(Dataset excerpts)
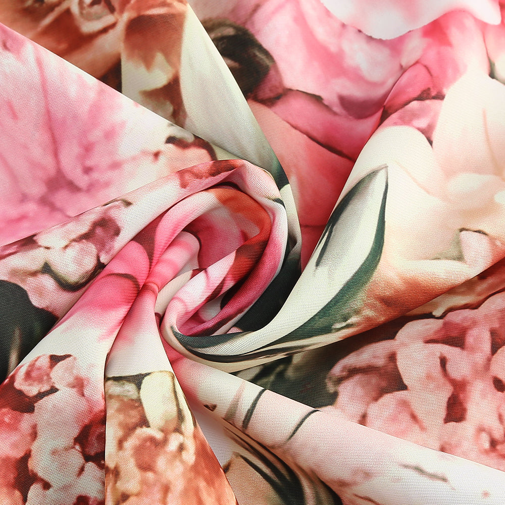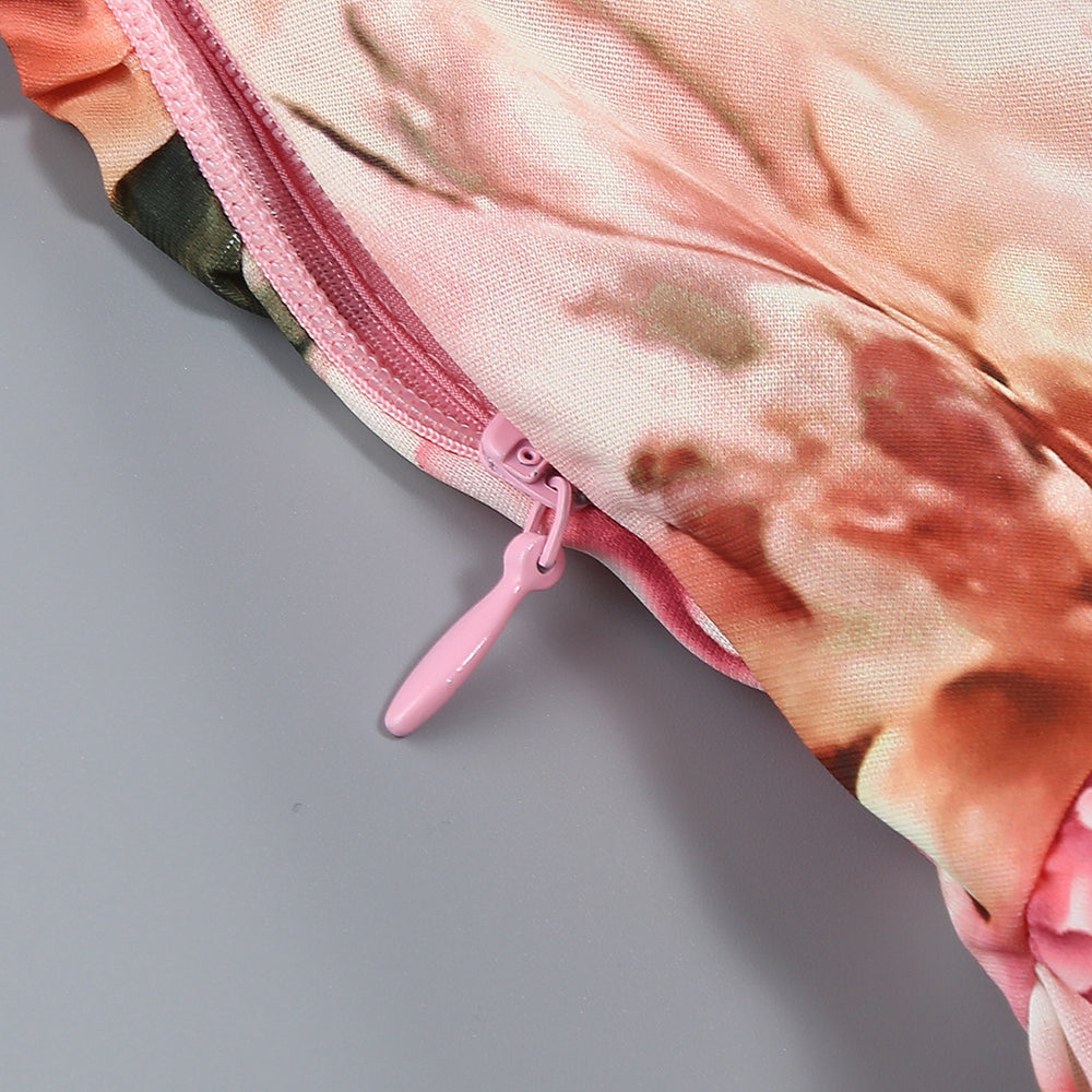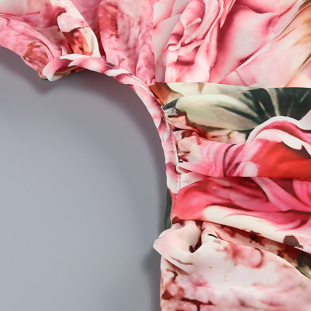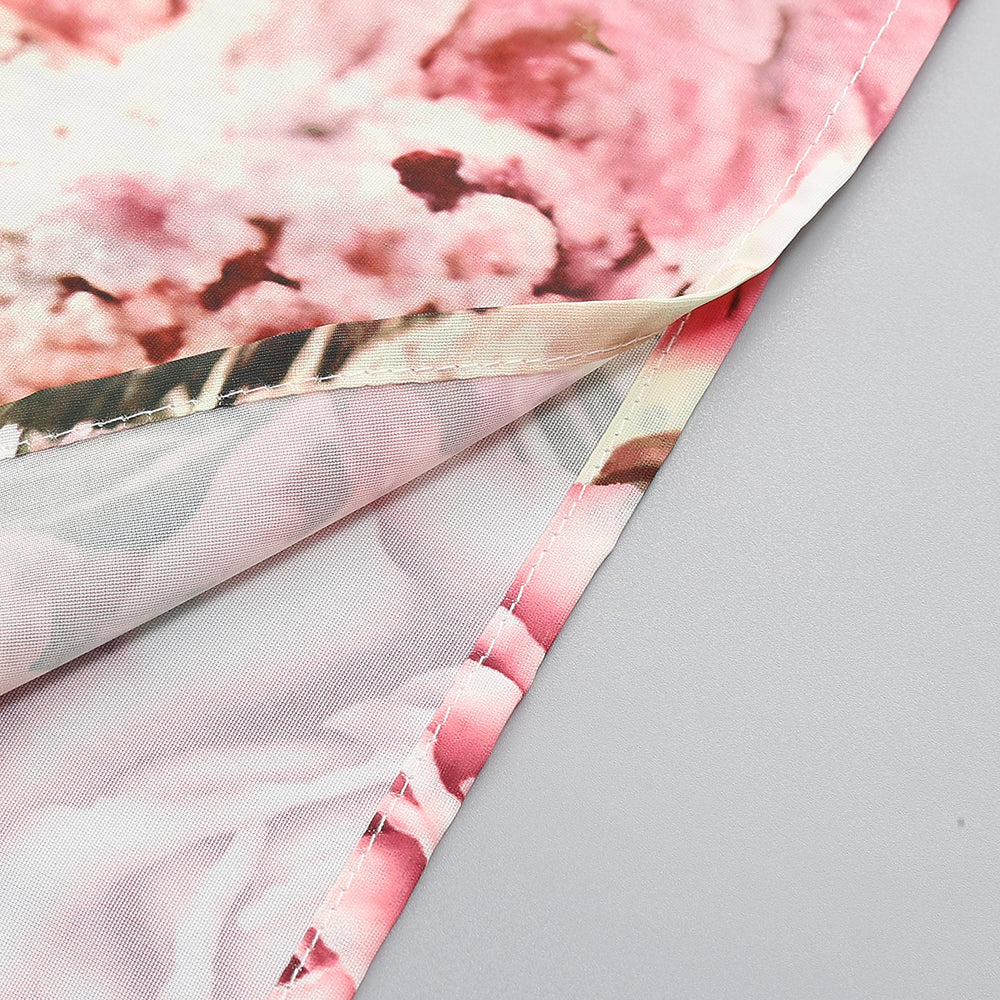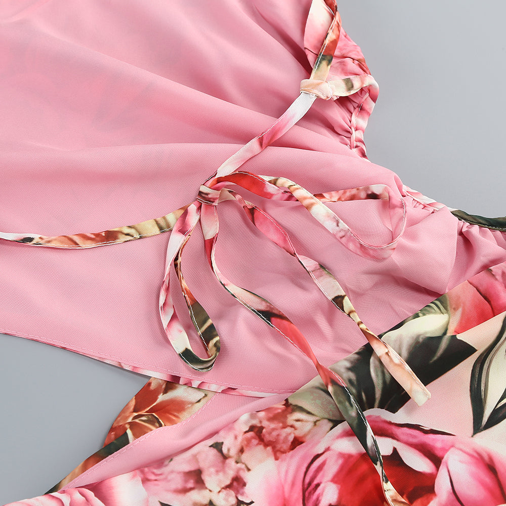 Pink printed hollow-out open-back slit Midi Dress
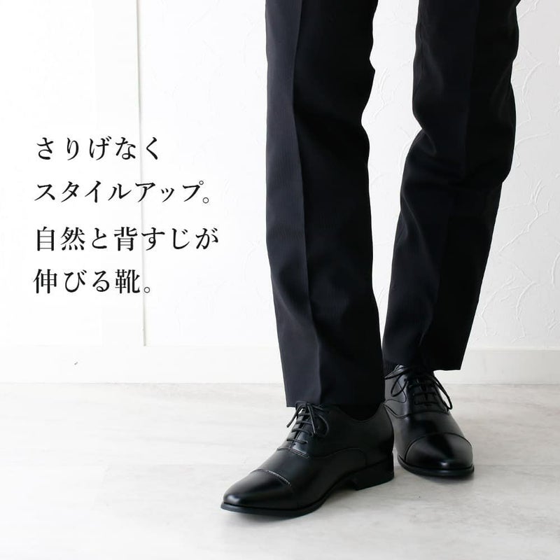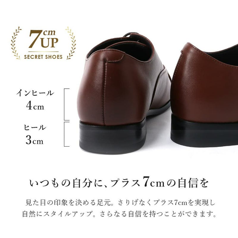 見た目の印象を決める足元。身長が高くなるだけではなく自然と背筋が伸びることで自身を持つこともできます。インソールとアウトソールで合計7cmUPです。
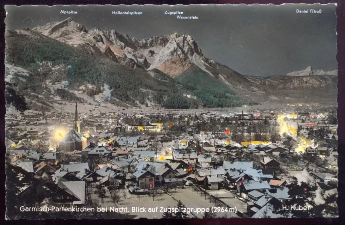 ÄLTERE POSTKARTE GARMISCH PARTENKIRCHEN BEI NACHT BLICK AUF ZUGSPITZGRUPPE
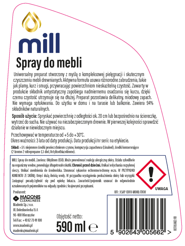 It is a universal preparation for cleaning furniture and caring for wooden furniture. The active formula effectively removes dirt such as stains, dust, streaks. The antistatic component makes it easier to maintain cleanliness and protects against excessive dust build-up. It leaves a fresh, honeyed scent. It contains teak tree extract, which additionally cares for furniture and brings out its natural beauty. No rinsing required.
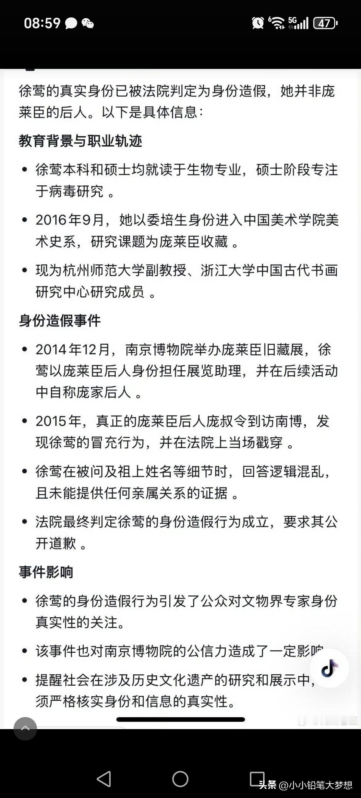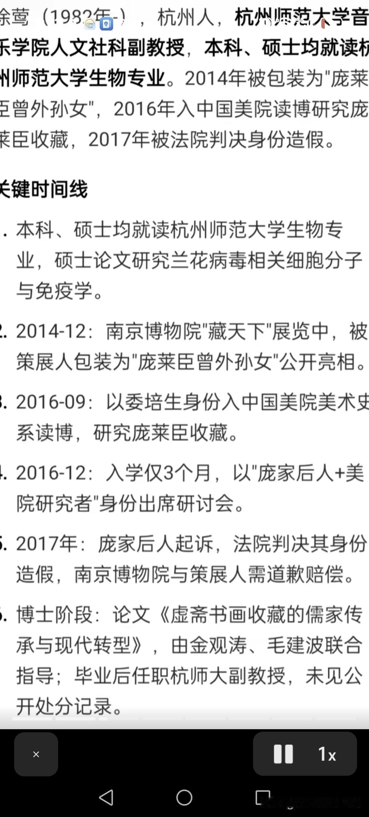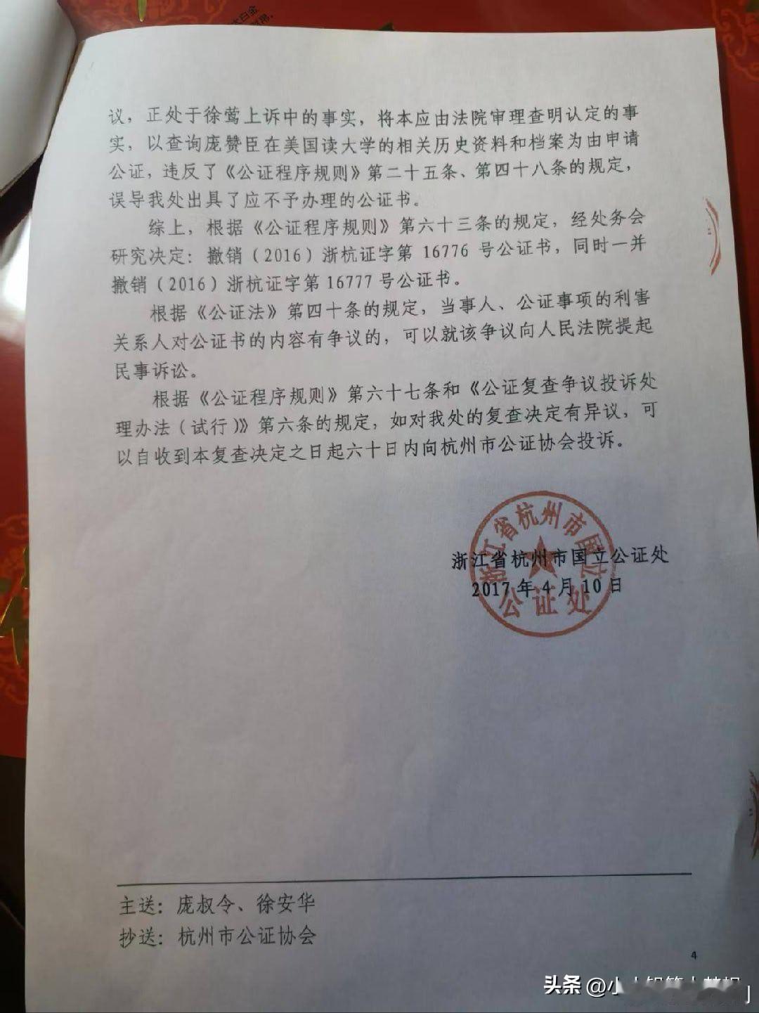 这个徐莺真的不要脸!国家文物局和江苏省政府已经开始调查南博事件,这场大戏才刚刚开始,关键的人物就是徐莺。 近日,庞叔令给亚洲周刊提供了一份17年撤销的是16年公证,谁知道网友揭露原来18年徐莺又让杭州的一家之江公证又给了一份公证…… 这个认证的脉络是这样子的,14年在庞家的作品展中,这个徐莺以庞莱臣的后人身份担任助理,并对外称自己就是庞赞臣的后人! 2015年,真正的庞莱臣后人庞叔令到访南博,她发现徐莺是假的,所以庞叔令以“侵犯庞家后人名誉权”起诉了她和南博。在法庭中交谈中发现这个女的根本不了解自己家族,言谈中漏洞百出,更甚连人家庞莱臣的老婆的名字都说不对,让她公开道歉,这个事情法院一审判徐莺和南博败诉。 先说一下这里的人物关系,庞赞臣别名庞元浩臣,他的妻子是翻志新,女儿庞明霞,庞明霞的丈夫是徐祖林,徐祖林的儿子是徐安华,徐安华的女儿就是徐莺。 徐莺就对外声称自己是庞赞臣的曾外孙女,庞赞臣就是庞莱臣的堂兄弟,庞赞臣是庞莱臣的遗嘱执行人,所以她就是庞家的后人。 徐莺不服啊,提起二次诉讼,提交了一份国立的公证。这份公证是2016年,徐莺父亲徐安华向杭州市国立公证处申请公证,目的就是想证明其为庞赞臣(庞莱臣堂弟)的外孙。 徐家当时提供了一个2009年新刻的墓碑的照片,墓碑上有两个女人的名字,一个应该是原配,墓碑上写徐莺的爷爷管庞赞臣的老婆叫岳母,因此推定徐莺是庞赞臣曾外孙女。 但庞书令对这件事情很较真,特地去查了一下杭州公安局的户籍档案,在1950年的户籍登记中显示庞赞臣子,女,皆亡。 当时法院找到了这个杭州国立公证处去询问情况,杭州国立公证处非常委屈称徐莺的父亲说开这个证明是让徐莺去美国查庞赞臣的相关学习资料和档案,所以才申请办理庞赞臣与他的关系办的公证,不是说用来打官司的,所以他们就办理了,没想到他们拿着这个公证去打官司了。 这事儿不是说公证处说的是就是的,要经过法院严格审查的。经过法院审查之后,能证明庞赞臣和潘志新是夫妻关系,徐祖林和庞明霞也是夫妻关系,而徐安华也是徐祖林和庞明霞的三儿子,所以判断潘志新是徐祖林的岳母,潘志新是徐安华的外祖母,但没有证据证明庞赞臣和庞明霞是真正的父女关系! 后来,庞叔令还提供了庞氏的族谱和1949年庞莱臣的遗嘱原件,庞赞臣和庞莱臣根本就没有血缘关系!根本就是不是所谓的遗产执行人。 说白了人家庞莱臣根本就没有这样的堂弟,这个庞赞臣也没有资格分遗产,这关系扯的,从根源上就是错的! 所以国立公证处在2017年撤销了2016年开具的认定关系的公证,法院判南博和徐莺败诉! 后续是2018年徐莺又换了一个公证处,杭州之江公证处,按照2016年让杭州国立公证处开具认证书的方式又给她开具了一份,认定徐莺为庞赞臣外曾孙女的认证书! 这一份公证,是徐莺当时发在小红书,然后被人某举报了。 这件事让我觉得细思极恐,这个徐莺凭什么这么做啊?一个学生物的居然在国家级博物馆的包装下变成了收藏世家后人共同策展,身份造假,败诉之后更能逆袭为美院博士,我不得不怀疑这是一条精密运作的,学术权益的食物链。 从生物研究病毒的,变成了收藏学,跨界不是一般的大,太魔幻了,本科和硕士都是杭州师范大学生物专业,她的硕士论文还是在讨论剑兰花病毒和齿兰环斑病毒,然后被包装为策展人和庞家的后人,她顺利就进入了中国美院美术史系读博了,课题是20世纪的书画收藏而且还是专门研究庞莱臣的,被庞苏令识破之后,打官司败诉,至今还成为杭州师范大学音乐学院的人文学科副教授。 这事情细思极恐,当时徐湖平作为副院长,为她站台,为她的身份背书,当庞家人质疑文物的去向之后,出来了这么一个后人,是身份嫁接啊,让大家觉得庞家后人自己内斗了,让公众以为他们内部分赃不均。 这件事情告上法庭之后,最搞笑的是徐莺还让庞叔令证明自己才是庞家后人,这是反咬一口。 生物系突然转到跨界到美术收藏,而且还是委培生身份,说明可能是南博或者是中国美学院有人为其开了后门。 这事情到头来赢家还是她,造假身份零成本,到头来毫发无损,还收益了博士,副教授和学术地位,简介上的介绍无疑就是一个美术领域和收藏领域专家! 呦呵,这个玩的有点高端,活脱脱又一个董小姐啊!现在上面已经成立专班调查小组对南博进行调查了,这说明这个事情已经不是旁加了几幅画的问题了,是民族资产和国家级资产外流的问题了。 那徐莺应该是跟南博应该是有密不可分的关系啊,到底是谁给她铺的这条路?静待这次国家级调查的结果。
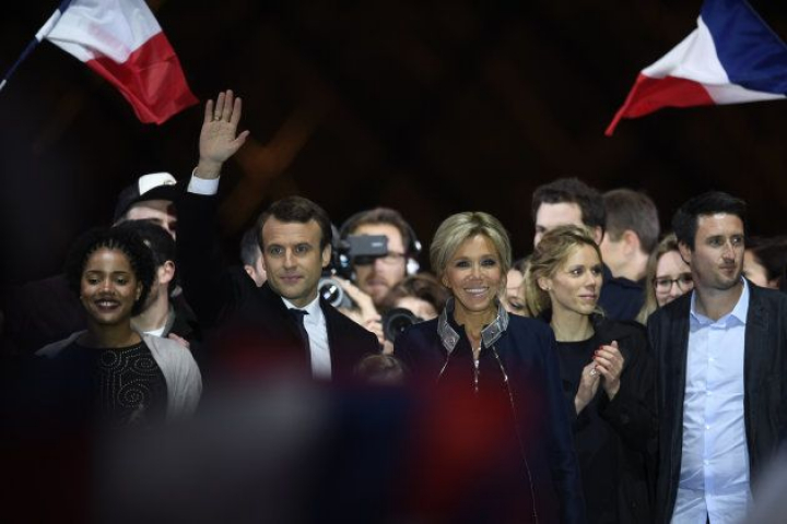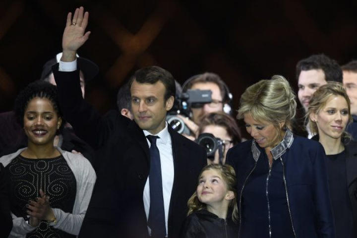 Brigitte Macron y sus hijos estuvieron presentes tras conocerse los resultados de las elecciones en Francia.

* Your assignment *
Would you repeat exactly, and only, the lines from the start of the records above through the line containing "It is a universal", with the pictures omitted?

* Output of the exercise *
 Pink printed hollow-out open-back slit Midi Dress
 見た目の印象を決める足元。身長が高くなるだけではなく自然と背筋が伸びることで自身を持つこともできます。インソールとアウトソールで合計7cmUPです。
 ÄLTERE POSTKARTE GARMISCH PARTENKIRCHEN BEI NACHT BLICK AUF ZUGSPITZGRUPPE
 It is a universal preparation for cleaning furniture and caring for wooden furniture. The active formula effectively removes dirt such as stains, dust, streaks. The antistatic component makes it easier to maintain cleanliness and protects against excessive dust build-up. It leaves a fresh, honeyed scent. It contains teak tree extract, which additionally cares for furniture and brings out its natural beauty. No rinsing required.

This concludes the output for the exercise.